Design concurrent range-aware file caching client
Company: Databricks
Role: Software Engineer
Category: System Design
Difficulty: hard
Interview Round: HR Screen
Design a high-throughput client-side file cache that serves ranged reads from a remote storage service. The remote API supports fetching by filename with byte offset and length; you also have a method that downloads an entire file by filename and size.
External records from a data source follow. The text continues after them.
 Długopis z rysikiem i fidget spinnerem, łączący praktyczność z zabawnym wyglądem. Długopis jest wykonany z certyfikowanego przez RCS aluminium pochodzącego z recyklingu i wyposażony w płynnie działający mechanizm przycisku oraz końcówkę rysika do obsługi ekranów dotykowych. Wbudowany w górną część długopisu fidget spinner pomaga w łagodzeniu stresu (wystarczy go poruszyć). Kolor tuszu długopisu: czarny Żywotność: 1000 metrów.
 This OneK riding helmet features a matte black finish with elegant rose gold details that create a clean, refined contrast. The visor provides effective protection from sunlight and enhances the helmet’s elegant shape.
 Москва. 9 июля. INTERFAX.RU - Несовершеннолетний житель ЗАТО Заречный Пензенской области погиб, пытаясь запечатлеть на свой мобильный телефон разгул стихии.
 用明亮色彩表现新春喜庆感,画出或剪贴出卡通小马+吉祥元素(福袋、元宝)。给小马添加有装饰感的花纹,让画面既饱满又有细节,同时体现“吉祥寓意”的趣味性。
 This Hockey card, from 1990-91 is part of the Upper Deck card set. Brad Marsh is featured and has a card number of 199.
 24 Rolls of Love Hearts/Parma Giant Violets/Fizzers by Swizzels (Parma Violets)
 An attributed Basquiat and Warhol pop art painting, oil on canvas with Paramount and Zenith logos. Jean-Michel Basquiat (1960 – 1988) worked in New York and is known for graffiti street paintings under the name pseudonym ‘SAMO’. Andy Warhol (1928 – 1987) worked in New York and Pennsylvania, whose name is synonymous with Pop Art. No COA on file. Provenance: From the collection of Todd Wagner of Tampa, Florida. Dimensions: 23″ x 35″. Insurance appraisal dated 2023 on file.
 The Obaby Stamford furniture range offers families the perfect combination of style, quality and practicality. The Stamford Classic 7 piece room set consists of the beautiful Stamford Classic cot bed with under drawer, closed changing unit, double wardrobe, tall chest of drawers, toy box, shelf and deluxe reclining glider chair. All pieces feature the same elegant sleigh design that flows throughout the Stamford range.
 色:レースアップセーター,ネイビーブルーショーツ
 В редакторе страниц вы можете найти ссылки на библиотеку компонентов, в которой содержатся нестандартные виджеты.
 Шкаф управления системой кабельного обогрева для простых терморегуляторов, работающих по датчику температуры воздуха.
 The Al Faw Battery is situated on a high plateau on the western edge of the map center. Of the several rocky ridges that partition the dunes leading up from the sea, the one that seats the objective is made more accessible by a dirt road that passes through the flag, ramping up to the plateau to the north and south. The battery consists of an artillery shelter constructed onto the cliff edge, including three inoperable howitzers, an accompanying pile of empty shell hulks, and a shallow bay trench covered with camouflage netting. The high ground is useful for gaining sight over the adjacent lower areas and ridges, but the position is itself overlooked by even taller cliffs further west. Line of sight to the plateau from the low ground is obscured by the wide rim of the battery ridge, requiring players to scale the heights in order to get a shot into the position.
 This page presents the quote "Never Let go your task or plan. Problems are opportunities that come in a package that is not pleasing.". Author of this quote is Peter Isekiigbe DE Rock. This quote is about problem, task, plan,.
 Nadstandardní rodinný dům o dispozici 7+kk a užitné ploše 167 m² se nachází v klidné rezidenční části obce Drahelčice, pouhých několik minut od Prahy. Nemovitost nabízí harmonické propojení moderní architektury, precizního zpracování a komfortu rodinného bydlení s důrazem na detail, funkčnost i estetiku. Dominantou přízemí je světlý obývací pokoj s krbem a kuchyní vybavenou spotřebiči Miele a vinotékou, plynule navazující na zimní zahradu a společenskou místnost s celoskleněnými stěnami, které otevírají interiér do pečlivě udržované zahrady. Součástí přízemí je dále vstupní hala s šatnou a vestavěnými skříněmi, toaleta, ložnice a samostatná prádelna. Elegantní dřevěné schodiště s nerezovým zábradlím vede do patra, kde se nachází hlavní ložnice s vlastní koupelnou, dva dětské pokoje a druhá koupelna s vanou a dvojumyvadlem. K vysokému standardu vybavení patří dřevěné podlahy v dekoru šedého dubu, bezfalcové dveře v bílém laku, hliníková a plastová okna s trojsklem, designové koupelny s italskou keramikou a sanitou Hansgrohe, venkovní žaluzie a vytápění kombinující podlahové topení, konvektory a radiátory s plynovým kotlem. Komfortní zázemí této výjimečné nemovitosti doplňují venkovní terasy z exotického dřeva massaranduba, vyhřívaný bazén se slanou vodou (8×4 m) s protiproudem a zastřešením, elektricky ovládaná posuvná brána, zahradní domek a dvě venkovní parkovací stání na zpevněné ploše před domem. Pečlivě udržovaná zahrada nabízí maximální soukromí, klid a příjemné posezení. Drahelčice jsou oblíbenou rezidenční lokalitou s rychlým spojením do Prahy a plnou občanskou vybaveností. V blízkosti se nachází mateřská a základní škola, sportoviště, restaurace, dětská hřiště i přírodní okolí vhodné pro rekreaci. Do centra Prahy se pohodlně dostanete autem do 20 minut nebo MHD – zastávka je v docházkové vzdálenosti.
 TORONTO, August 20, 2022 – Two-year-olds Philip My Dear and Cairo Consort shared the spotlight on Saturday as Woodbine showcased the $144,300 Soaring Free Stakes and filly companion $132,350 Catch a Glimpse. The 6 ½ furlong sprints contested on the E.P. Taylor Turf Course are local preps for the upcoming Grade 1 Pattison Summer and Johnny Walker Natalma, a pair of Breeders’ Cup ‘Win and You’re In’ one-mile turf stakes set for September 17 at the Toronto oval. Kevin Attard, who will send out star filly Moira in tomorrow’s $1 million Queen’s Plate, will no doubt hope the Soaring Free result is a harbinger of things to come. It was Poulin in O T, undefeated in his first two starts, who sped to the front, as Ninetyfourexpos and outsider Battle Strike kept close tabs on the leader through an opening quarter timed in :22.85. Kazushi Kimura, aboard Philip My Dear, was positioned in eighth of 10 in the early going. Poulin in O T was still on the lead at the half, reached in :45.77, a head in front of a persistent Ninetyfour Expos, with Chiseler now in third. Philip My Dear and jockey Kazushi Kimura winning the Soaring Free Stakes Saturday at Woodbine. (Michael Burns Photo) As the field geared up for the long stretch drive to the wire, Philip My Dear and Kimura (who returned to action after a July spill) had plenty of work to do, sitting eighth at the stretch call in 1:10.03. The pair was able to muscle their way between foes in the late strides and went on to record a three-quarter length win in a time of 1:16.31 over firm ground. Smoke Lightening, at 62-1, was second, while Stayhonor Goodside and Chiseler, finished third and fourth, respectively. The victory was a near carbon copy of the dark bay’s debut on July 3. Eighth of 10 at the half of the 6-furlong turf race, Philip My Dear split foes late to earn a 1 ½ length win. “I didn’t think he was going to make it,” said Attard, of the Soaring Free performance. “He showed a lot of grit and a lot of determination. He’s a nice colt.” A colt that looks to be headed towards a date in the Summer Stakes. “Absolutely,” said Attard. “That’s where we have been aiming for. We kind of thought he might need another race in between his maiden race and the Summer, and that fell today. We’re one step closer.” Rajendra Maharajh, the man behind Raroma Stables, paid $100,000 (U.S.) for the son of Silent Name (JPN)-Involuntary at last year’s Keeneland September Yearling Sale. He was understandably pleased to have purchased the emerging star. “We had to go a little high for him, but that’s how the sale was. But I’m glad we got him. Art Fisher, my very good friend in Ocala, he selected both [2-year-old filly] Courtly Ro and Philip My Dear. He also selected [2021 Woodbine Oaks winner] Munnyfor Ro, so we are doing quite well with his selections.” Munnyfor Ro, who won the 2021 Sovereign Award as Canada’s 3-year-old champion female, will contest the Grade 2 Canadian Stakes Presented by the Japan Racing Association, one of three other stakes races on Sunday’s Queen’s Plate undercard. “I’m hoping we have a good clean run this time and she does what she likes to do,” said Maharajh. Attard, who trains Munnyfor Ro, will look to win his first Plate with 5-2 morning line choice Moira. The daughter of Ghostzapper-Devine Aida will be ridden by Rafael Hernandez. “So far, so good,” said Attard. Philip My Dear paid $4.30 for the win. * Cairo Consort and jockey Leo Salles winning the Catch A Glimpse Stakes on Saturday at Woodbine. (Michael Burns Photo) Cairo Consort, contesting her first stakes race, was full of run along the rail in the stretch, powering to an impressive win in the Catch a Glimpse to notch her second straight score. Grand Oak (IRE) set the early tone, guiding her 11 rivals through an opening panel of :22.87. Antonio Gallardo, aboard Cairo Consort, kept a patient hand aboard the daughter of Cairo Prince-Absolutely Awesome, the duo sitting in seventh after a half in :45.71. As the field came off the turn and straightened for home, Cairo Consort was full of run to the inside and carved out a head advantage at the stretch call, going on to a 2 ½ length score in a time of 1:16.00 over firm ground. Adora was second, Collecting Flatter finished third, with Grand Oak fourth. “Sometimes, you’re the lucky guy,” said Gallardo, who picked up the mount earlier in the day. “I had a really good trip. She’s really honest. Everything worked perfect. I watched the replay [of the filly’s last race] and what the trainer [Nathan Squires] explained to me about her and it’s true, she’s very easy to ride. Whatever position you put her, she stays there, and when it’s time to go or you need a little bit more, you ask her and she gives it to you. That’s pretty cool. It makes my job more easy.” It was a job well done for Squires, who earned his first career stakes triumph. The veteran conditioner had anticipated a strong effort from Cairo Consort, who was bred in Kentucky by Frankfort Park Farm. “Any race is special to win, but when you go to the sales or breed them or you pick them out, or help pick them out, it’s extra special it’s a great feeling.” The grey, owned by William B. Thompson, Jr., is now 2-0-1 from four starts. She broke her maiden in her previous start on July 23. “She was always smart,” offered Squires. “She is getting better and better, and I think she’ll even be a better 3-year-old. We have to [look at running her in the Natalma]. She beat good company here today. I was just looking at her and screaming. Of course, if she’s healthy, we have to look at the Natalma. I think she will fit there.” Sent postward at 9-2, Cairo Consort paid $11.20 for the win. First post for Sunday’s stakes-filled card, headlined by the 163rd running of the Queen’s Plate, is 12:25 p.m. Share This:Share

Requirements: support concurrent requests for overlapping/adjacent ranges efficiently; choose chunk size, request coalescing, and prefetching strategies; ensure thread-safe access, deduplicate overlapping in-flight downloads, and provide backpressure/rate limiting; implement cache indexing, eviction (e.g., LRU), persistence, and validation if the remote file changes; handle partial failures, retries, and timeouts; define and justify API semantics (e.g., read(filename, offset, length) and write policy). Provide key data structures and pseudocode for coordinating fetch, cache lookup, and concurrency control. Analyze scalability, correctness under concurrency, and time/space complexity.
Quick Answer: This question evaluates understanding of concurrent, range-aware client-side file caching—covering concurrency control and deduplication of in-flight requests, chunking and prefetch strategies, persistence, eviction policies, validation, and reliability—and is categorized under System Design.